Note Do not begin these steps until have you have verified that your resources have finished provisioning.
In the CloudWatch Log Groups page, check the box next to the log group you created, FlowLogs.
Click Actions and select Stream to Amazon Elasticsearch Service.
For Amazon ES cluster, select your cluster, flowlogs-[your-user-id].
In the Lambda IAM Execution Role field, select the role
lambdaElasticsearchExecutionRole, then click Next.
In the Log Format field, select Amazon VPC Flow Logs. Leave other settings at their defaults and click Next.
Review your streaming settings, thenclickNext.ClickStart Streaming.

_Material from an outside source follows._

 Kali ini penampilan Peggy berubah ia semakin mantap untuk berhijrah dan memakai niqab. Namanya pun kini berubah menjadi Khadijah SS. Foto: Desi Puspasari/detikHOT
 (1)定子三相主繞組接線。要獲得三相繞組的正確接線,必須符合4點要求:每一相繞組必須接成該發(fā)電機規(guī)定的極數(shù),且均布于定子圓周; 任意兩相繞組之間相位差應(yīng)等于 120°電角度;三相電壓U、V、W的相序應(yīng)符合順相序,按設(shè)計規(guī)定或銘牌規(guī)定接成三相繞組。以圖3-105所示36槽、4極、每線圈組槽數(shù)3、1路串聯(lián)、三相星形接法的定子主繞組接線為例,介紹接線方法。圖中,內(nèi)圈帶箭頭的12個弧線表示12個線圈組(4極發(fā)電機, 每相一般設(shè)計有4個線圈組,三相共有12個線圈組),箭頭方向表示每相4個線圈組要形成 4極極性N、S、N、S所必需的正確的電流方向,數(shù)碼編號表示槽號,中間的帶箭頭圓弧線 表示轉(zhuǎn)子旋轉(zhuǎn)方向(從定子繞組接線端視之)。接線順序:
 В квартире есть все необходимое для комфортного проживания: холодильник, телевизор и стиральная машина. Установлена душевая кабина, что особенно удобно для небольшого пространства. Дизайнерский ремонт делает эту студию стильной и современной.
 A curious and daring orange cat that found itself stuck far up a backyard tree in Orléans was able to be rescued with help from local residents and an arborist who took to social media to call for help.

You have now created a Lambda function that is triggered whenever new logs are written to CloudWatch Logs from VPC Flow Logs. Each Lambda invocation transforms the new records posted to CloudWatch and inserts them into your ElasticSearch Cluster.
A flow log record is a space-separated string in the following format:
version account-id interface-id srcaddr dstaddr srcport dstport protocol packets bytes start end action log-status
By default, Elasticsearch passes strings through an analyzer before being indexed. The analyzer interprets dashes and periods as field separators and will split fields that have them present. As our logs contain dashes this will create undesired behavior. In order to correct this, we will use the curl command from our instance to configure interface-id, srcaddr, and dstaddr to not_analyzed. This configuration change will cause Elasticsearch to skip the analyzer for these fields and leave their punctuation intact.

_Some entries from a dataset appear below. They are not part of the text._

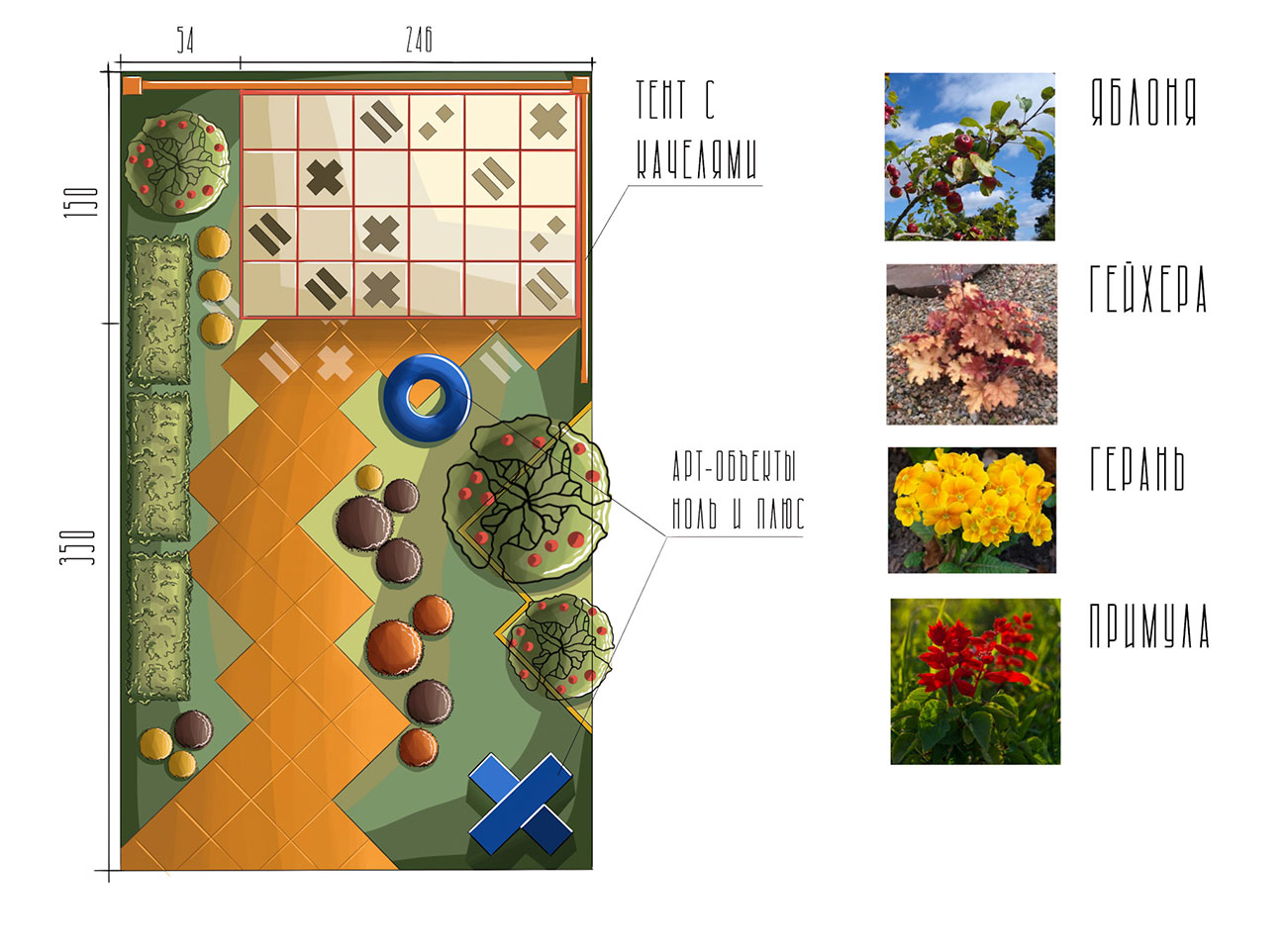 Предпочтение было отдано таким растениям, как яблоня декоративная Маковецкого (Malus Makowieckiana), гейхера Миракл (Heuchera ‘Miracle’), желтая пеларгония (Pelargonium articulatum), полиантовая примула (Рrimula poliantha). Главные критерии выбора ассортимента — выразительность и доступность растений.
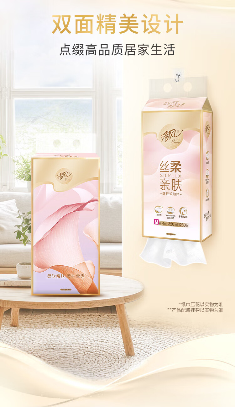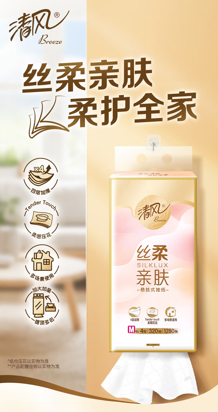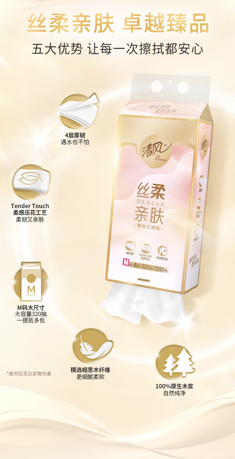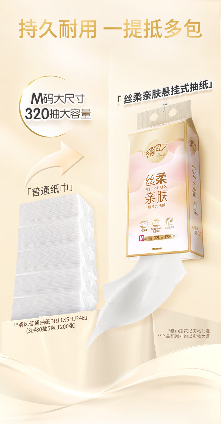 包装清单: 清风丝柔系列4层320抽/包*1挂式抽纸BG32MSBC
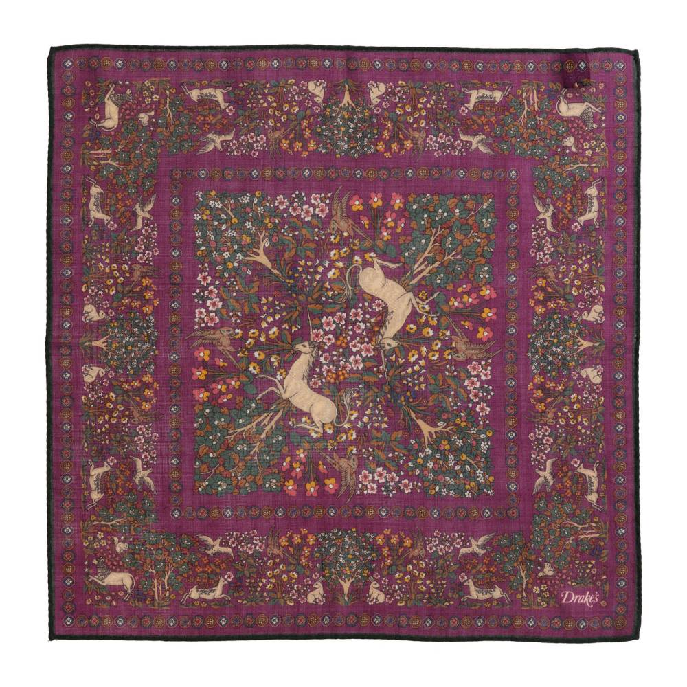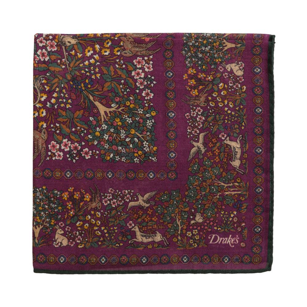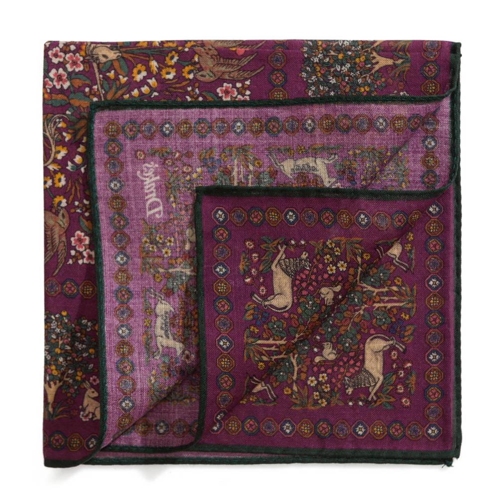 Элегантный мужской карманный платок в сиреневой цветовой гамме с красочными принтами в могольском стиле с животными и цветами волшебного леса. Выполнен из легчайшей итальянской ткани, в состав которой входят шёлк и шерсть. Платок хорошо драпируется и держит нужную форму, добавляя изысканный акцент практически в любой образ. Сделан в Италии.
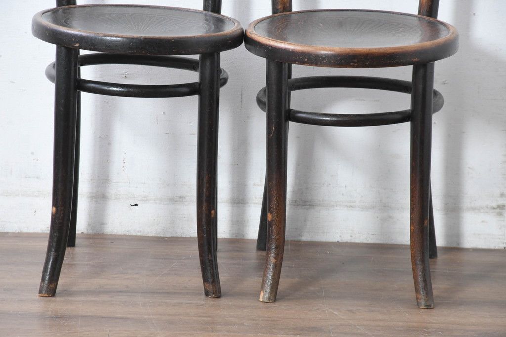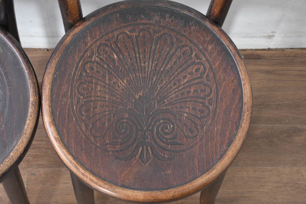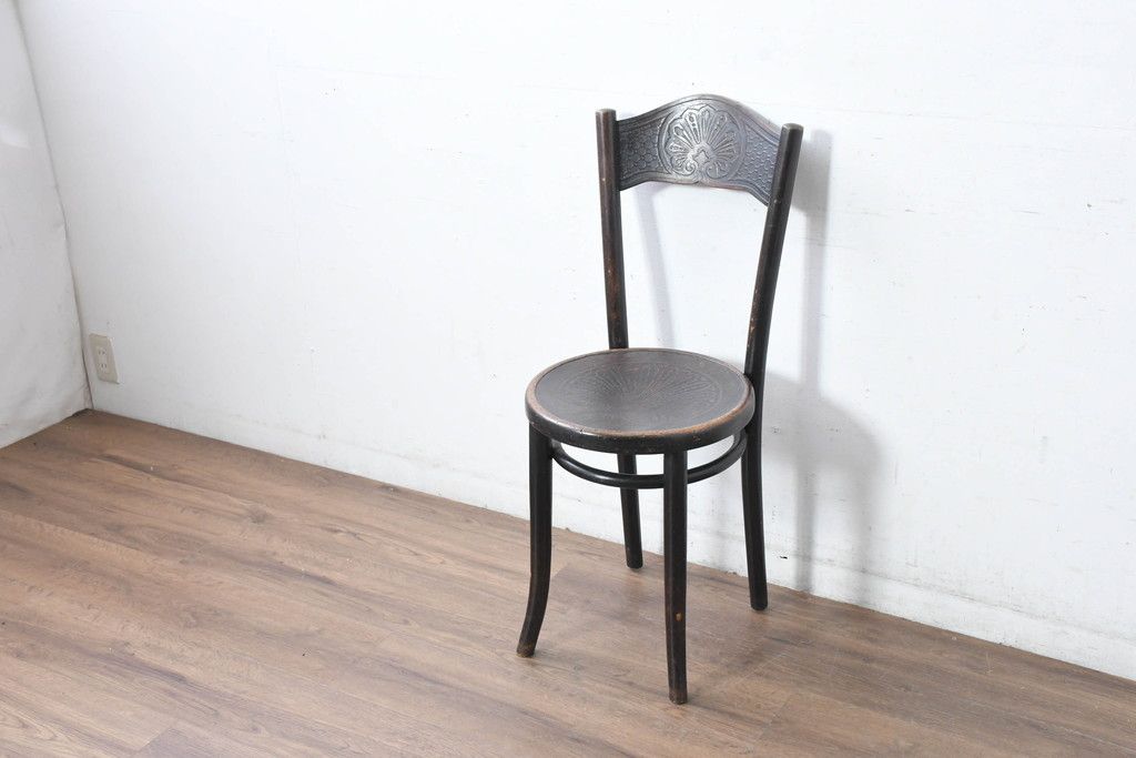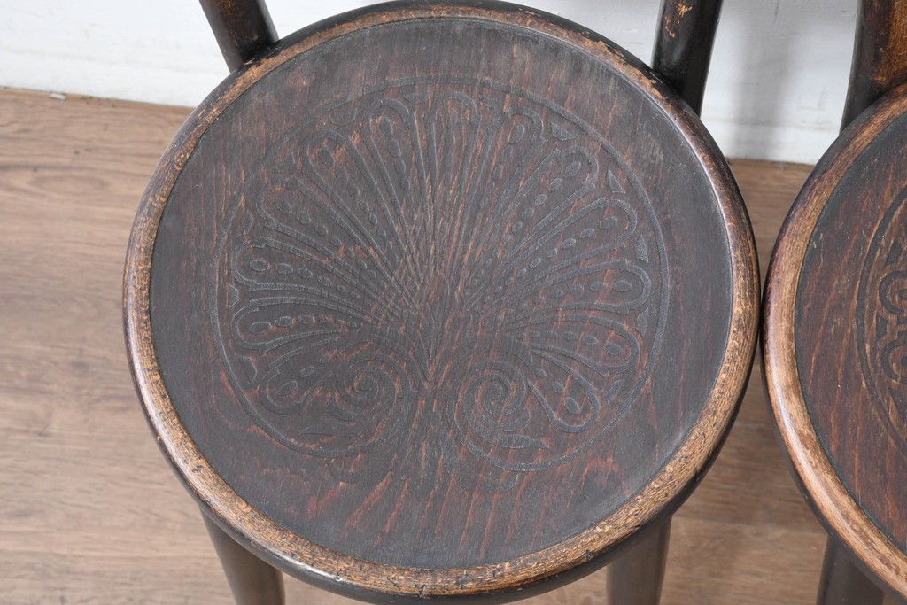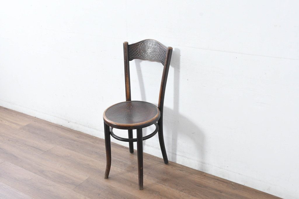 椅子・ベンチ> ダイニングチェア > ヨーロッパアンティーク 背もたれの彫刻が優美な西洋アンティークのベントウッドチェア2脚セット(ダイニングチェア、椅子、イス、バラ売り可能)(R-084308)

aws es describe-elasticsearch-domain --domain-name flowlogs
Your endpoint will look something like this:
search-flowlogs-nihldocymhswk4gzonzrw4j5rq.us-west-2.es.amazonaws.com.
curl -XPUT "https://<ElasticsearchDomainEndpoint>/_template/template_1" -d'
{
"template":"cwl-*","mappings":{
"FlowLogs": {
"properties": {
"interface_id": { "type": "string", "index": "not_analyzed"},
"srcaddr": { "type": "string", "index": "not_analyzed"},
"dstaddr": { "type": "string", "index": "not_analyzed"}
}
}
}
}' -H 'Content-Type: application/json'
Note After you add the endpoint URL, make sure you also remove the < > brackets from the placeholder text. (I left that in…)
Delete the old, incorrectly indexed data by running the following command:(replace the placeholder text with your endpoint):
curl -XDELETE 'https://<ElasticsearchDomainEndpoint>/cwl*/'
Now configure visualizations in Kibana to view the data in Elasticsearch. Kibana is a tool built into Amazon Elasticsearch used to visualize and search data. An example dashboard has been created here: https://s3.amazonaws.com/awsiammedia/public/sample/securitygroups/SGDashboard.json.
Dashboards are defined in JSON and are normally imported through curl commands against the Elasticsearch endpoint.
Here, however, we will be using a tool called elasticdump to make this process easier.
curl -o- https://raw.githubusercontent.com/creationix/nvm/v0.32.0/install.sh | bash
. ~/.nvm/nvm.sh
nvm install 8.11.1
npm install -g elasticdump
curl -O https://s3.amazonaws.com/awsiammedia/public/sample/securitygroups/SGDashboard.json
elasticdump --input=SGDashboard.json --output=https://<ElasticsearchDomainEndpoint>/.kibana-4
Return to the Elasticsearch Console. Click your domain, flowlogs. Click on the link for Kibana.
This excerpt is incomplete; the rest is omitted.